Mohon tunggu...
KOMENTAR
Sosbud

Pergi Haji: Kerinduan yang Menyakitkan

1 November 2011   11:21 Diperbarui: 26 Juni 2015   00:12 278 1

Perhelatan terakbar berkumpulnya umat muslim dari berbagai penjuru dunia selalu menjadi satu fenomena menarik. Ibadah haji. Ritual tahunan yang jatuh pada Bulan Dzulhijah ini menjadi satu momen paling istimewa dari sekian banyak perayaan yang tertera dalam kalender Hijriyah. Tidak hanya pelaksanaannya yang memang khusus, ibadah haji juga menebar euforia di semua lapisan umat muslim. Baik sebagai individu, maupun dalam konteks kenegaraan.

Bagi seorang muslim secara individu, ibadah haji adalah penyempurna. Haji menggenapi rukun Islam yang menjadi pedoman dasar ibadah umat muslim. Maka menunaikan ibadah haji adalah kewajiban mutakhir yang sangat diimpikan siapa saja.

Ibadah haji juga menjadi agenda tahunan negara, di mana memberangkatkan jamaah haji ke Tanah Suci laksana mengirimkan delegasi dalam satu ajang pertemuan terbesar. Identitas para jamaah pun dikenali dari negara mana mereka berasal. Tak pelak lagi, negara menjadi satu penanggung jawab yang paling berkompeten dalam urusan keberangkatan haji ini.

Bila acara mudik lebaran saja begitu ramai dan hiruk-pikuk, maka ibadah haji adalah acara mudiknya umat muslim seluruh dunia, dengan satu tujuan yang sama : Tanah Haram, Mekkah. Di Indonesia, ritual mudik telah menjadi tradisi. Demikian pula acara mudik masal ke Tanah Suci. Kurang lebih seperempat juta muslim Indonesia berangkat haji musim ini. Bukan lagi sekadar ramai, tetapi berjubel dengan antrian yang sangat panjang dan melibatkan repot banyak pihak.

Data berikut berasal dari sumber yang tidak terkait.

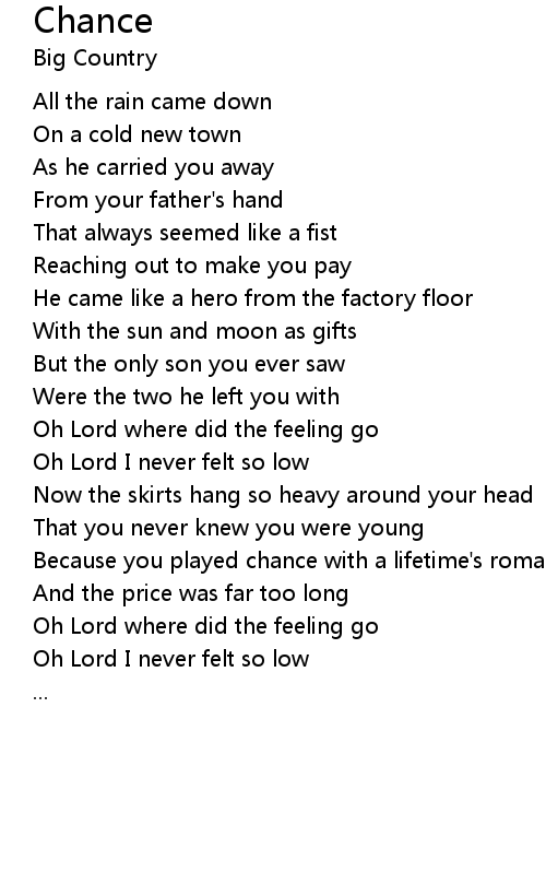 Because you played chance with a lifetime's romance |
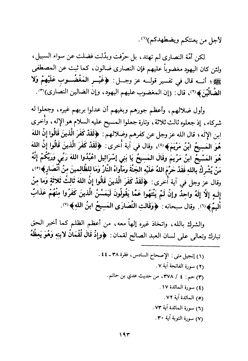 لكن أمة النصارى لم تهتد؛ بل حرفت وبدلت فصلت عن سواء السبيل، ولئن كان اليهود مغضوبًا عليهم فإن النصارى ضالون، كما ثبت عن المصطفى صلى الله عليه وسلم؛ أنه قال في تفسير قوله عز وجل: {غَيْرِ الْمَغْضُوبِ عَلَيْهِمْ وَلا الضَّالِّينَ} 2، قال: "إن المغضوب عليهم اليهود، وإن الضالين النصارى" 3.
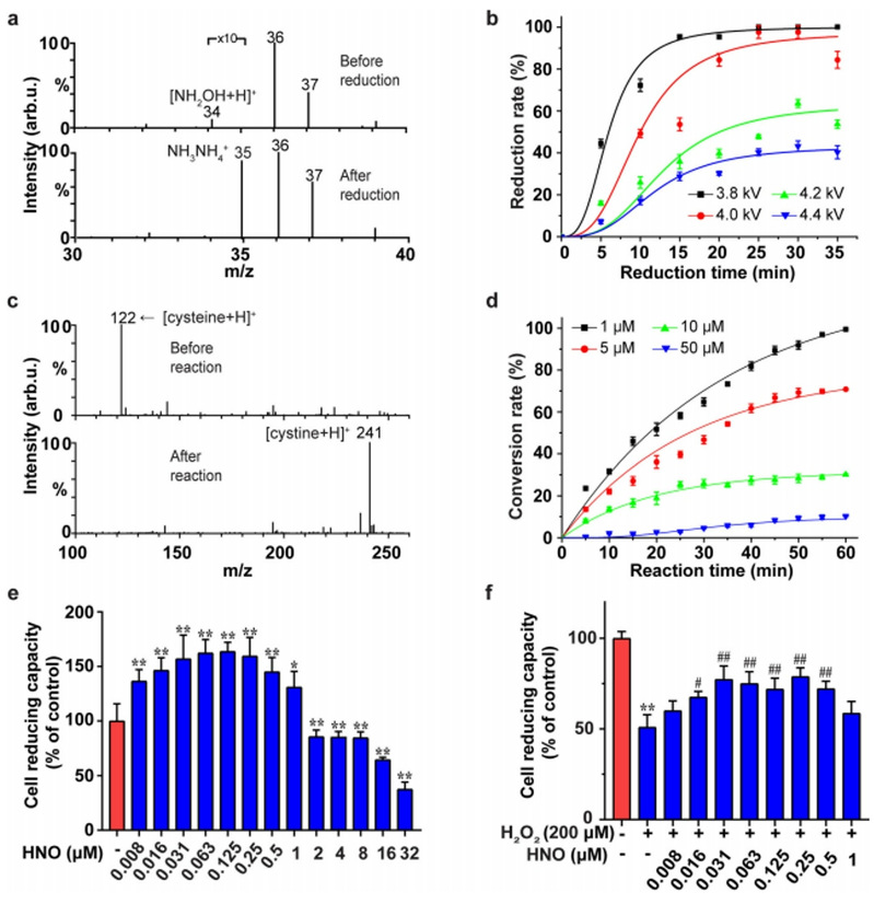 此外,作者将生成的两个产物NH2OH和HNO进行了应用。图4a中,质谱数据表明,收集到的NH2OH产物(m/z 34)可以电解还原成为NH3(m/z 35)。m/z 36和m/z 37处的信号对应于(H2O)2+•和H+ (H2O)2。图4b采用靛酚蓝法测定了不同放电电压下收集的NH2OH电解还原为NH3的动力学。图4c的质谱检测证实,产物HNO可以将 (m/z 122)转化为胱氨酸(m/z 241)。图4d为产物HNO(~25 μM)将不同浓度半胱氨酸转化为胱氨酸的动力学曲线。图4e为不同浓度HNO单独作用对HT22细胞还原能力的影响。图4f为HT22细胞用不同浓度的HNO预处理24 h后,加/不加H2O2(200 μM)孵育1 h后的变化,细胞活力测定结果表明,产物HNO可用于保护HT22细胞免受H2O2诱导的损伤,该部分工作由江西中医药大学朱卫丰教授团队完成。
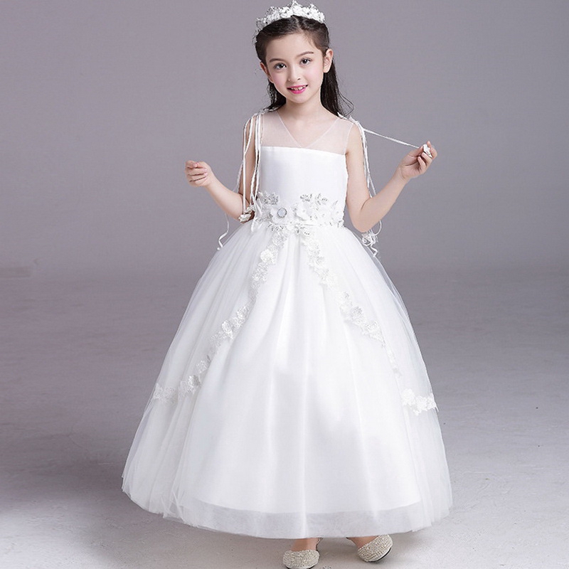 White Wedding Dress Children Kids Party Dress Baby Girls Princess Wedding White Dresses For Little Girls
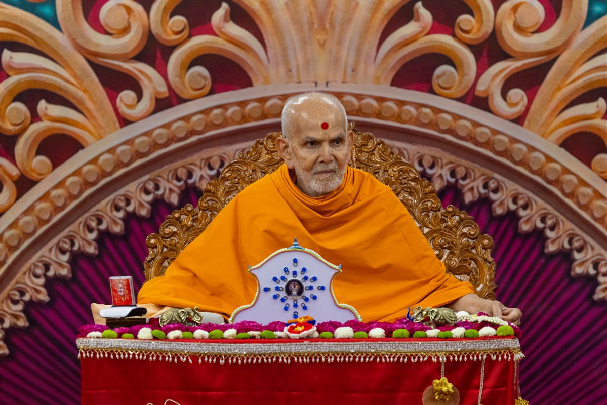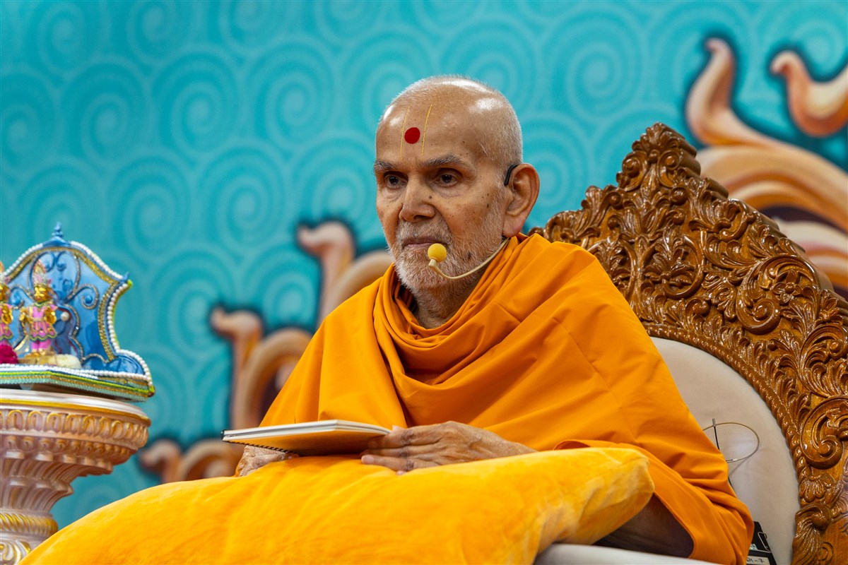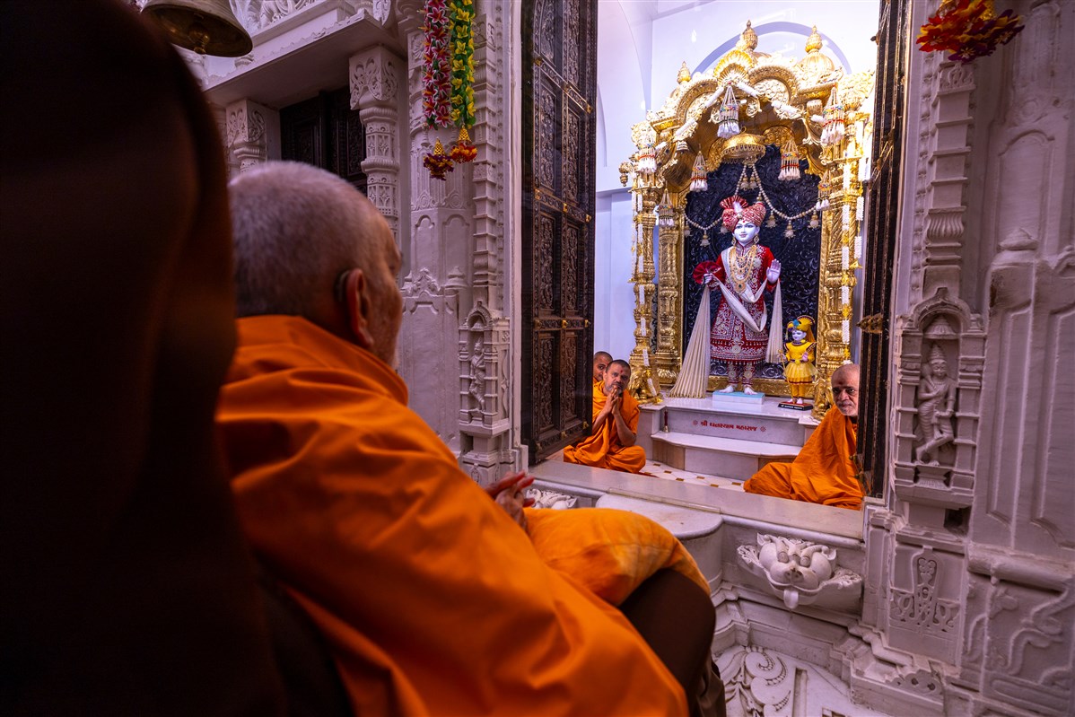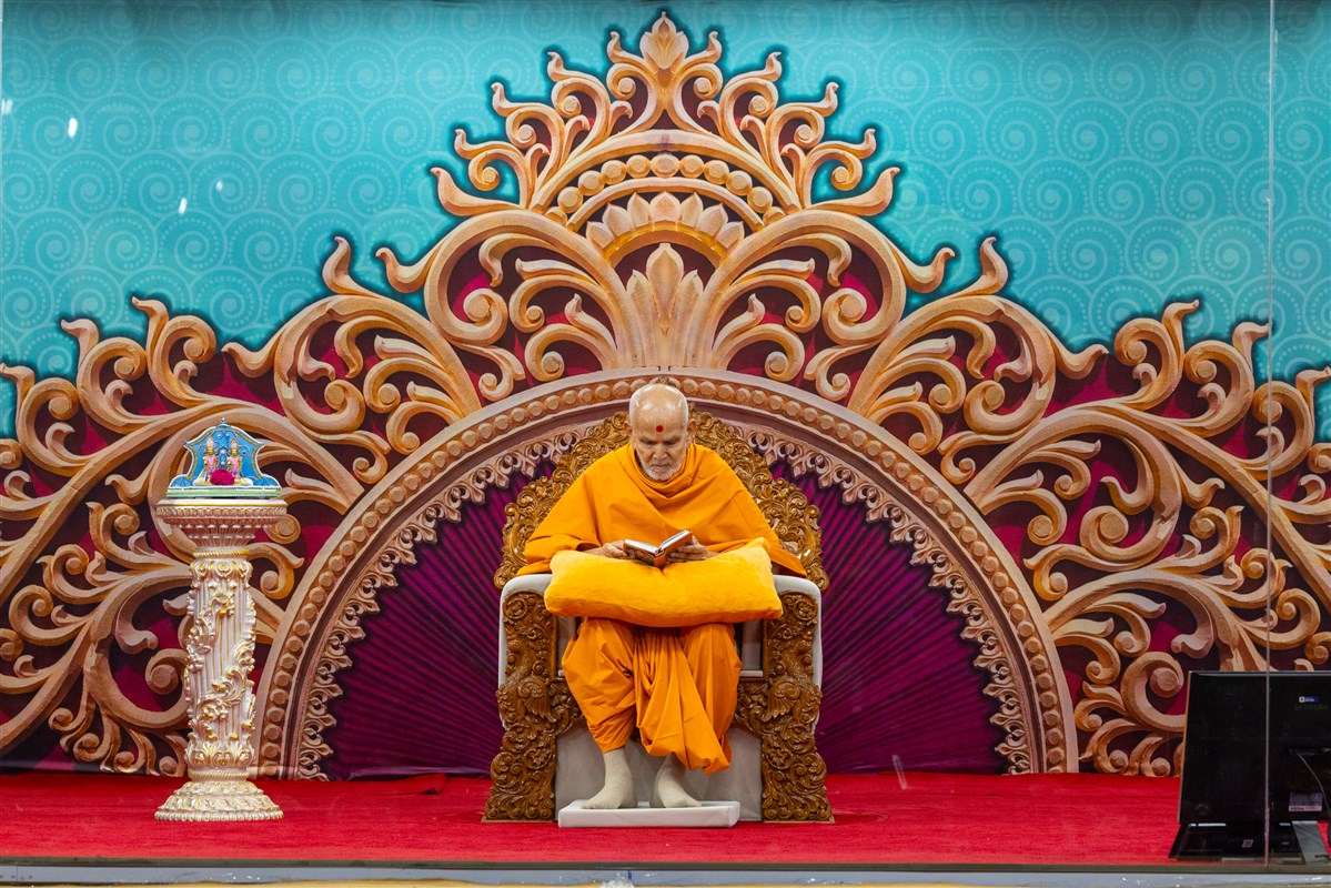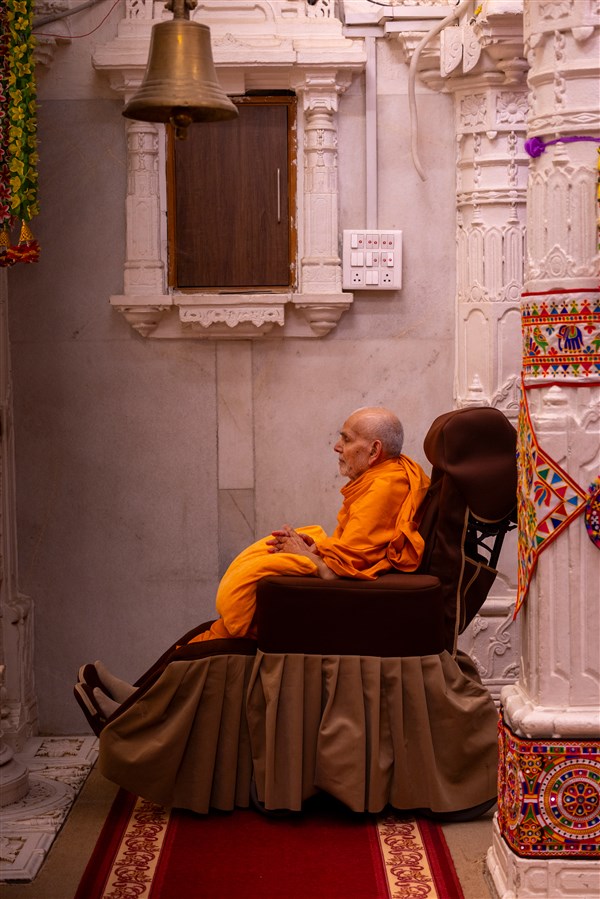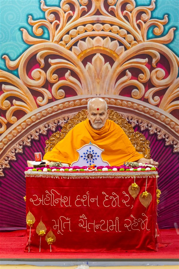 Swamishri engrossed in darshan of Shri Ghanshyam Maharaj
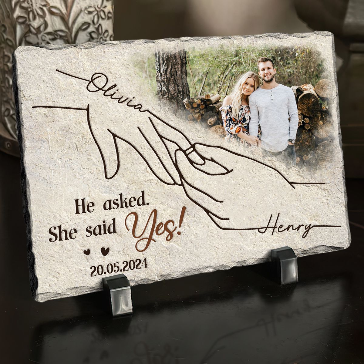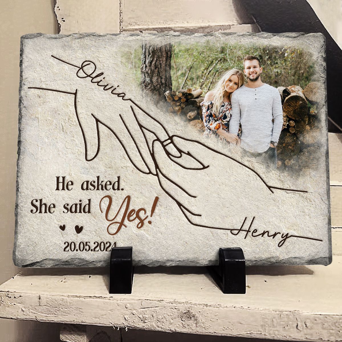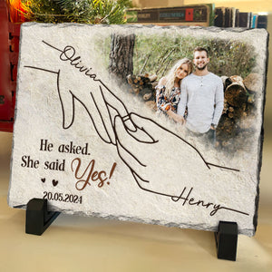 She Said Yes Personalized Rectangular Stone, Photo Slate, Anniversary Gift For Couple

Tak hanya jaraknya yang jauh, tapi jalan untuk memperoleh tiket ibadah haji ke Tanah Suci ternyata juga sangat berliku. Yang pasti, kita harus sangat bersabar menunggu giliran. Pasalnya, kuota calhaj yang diberikan pemerintah Arab Saudi yaitu 1 per 1000 penduduk, seakan tak pernah cukup menampung animo masyarakat muslim Indonesia untuk berhaji. Ratusan ribu bahkan jutaan jamaah calon haji masih terdaftar di’waiting list’  Kementrian Agama.

Sekadar informasi, pendaftaran haji reguler melalui Depag Sleman, DIY, pada 2010, diperkirakan mendapatkan porsi keberangkatan pada 2020. Hampir sepuluh tahun jeda waktu menunggu. Ada lebih dari 50 orang setiap harinya mengajukan pendaftaran pergi haji. Secara kasar, sebanyak 1000 lebih jamaah per bulan mengantri. Itupun di tingkat kabupaten. Bila dikalkulasi jumlah antrian haji seluruh Indonesia, jumlahnya pasti sangat mencengangkan.

Mengapa ibadah haji menjadi demikian ‘tak gampang’ diwujudkan? Ia menjadi ibadah eksklusif yang begitu istimewa, dan hanya bisa ditunaikan oleh mereka yang mampu secara iman, fisik, dan materi? Tentu saja. Butuh keinginan yang kuat untuk dapat memulai mengusahakan ibadah haji. Niat ini membutuhkan dasar iman yang kuat. Bayangkan saja, siapa yang rela menunggu hampir sepuluh tahun bila ia tak mempunyai iman yang cukup tangguh?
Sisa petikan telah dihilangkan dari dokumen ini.